*** DATASET RECORDS ***

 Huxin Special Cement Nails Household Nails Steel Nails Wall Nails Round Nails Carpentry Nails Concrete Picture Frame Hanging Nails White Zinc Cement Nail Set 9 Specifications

***
*** DATASET RECORDS ***

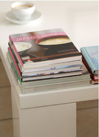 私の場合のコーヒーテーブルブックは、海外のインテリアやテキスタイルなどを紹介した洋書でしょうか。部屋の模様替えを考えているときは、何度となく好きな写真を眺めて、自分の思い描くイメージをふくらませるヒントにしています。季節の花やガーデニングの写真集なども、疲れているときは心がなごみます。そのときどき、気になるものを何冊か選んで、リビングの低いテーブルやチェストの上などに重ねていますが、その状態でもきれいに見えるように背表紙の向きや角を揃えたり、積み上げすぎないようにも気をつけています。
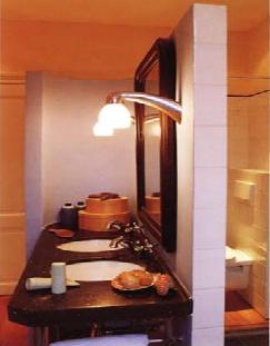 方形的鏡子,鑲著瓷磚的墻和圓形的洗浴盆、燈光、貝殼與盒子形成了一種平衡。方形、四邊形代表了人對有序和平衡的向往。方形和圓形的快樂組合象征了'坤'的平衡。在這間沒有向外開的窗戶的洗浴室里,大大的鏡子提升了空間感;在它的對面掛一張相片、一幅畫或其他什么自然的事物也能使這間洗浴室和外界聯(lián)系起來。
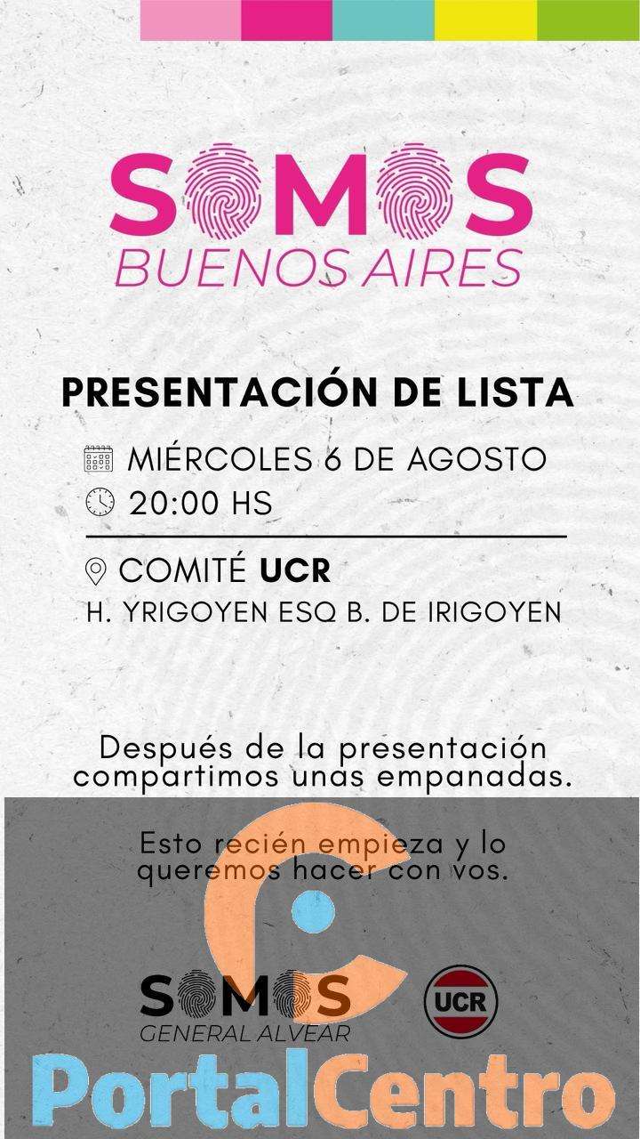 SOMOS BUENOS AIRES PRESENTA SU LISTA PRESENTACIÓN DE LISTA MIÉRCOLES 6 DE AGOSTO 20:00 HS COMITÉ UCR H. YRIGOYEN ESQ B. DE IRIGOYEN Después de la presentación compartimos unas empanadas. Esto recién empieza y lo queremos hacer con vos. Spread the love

***

▶ EXERCISE OBJECTIVE: Reproduce the entries exactly, from the line with "方形的鏡子,鑲著瓷磚的墻和圓" to the line with "SOMOS BUENOS AIRES", both lines included, keeping no pictures.

▶ ANSWER BOX:
 方形的鏡子,鑲著瓷磚的墻和圓形的洗浴盆、燈光、貝殼與盒子形成了一種平衡。方形、四邊形代表了人對有序和平衡的向往。方形和圓形的快樂組合象征了'坤'的平衡。在這間沒有向外開的窗戶的洗浴室里,大大的鏡子提升了空間感;在它的對面掛一張相片、一幅畫或其他什么自然的事物也能使這間洗浴室和外界聯(lián)系起來。
 SOMOS BUENOS AIRES PRESENTA SU LISTA PRESENTACIÓN DE LISTA MIÉRCOLES 6 DE AGOSTO 20:00 HS COMITÉ UCR H. YRIGOYEN ESQ B. DE IRIGOYEN Después de la presentación compartimos unas empanadas. Esto recién empieza y lo queremos hacer con vos. Spread the love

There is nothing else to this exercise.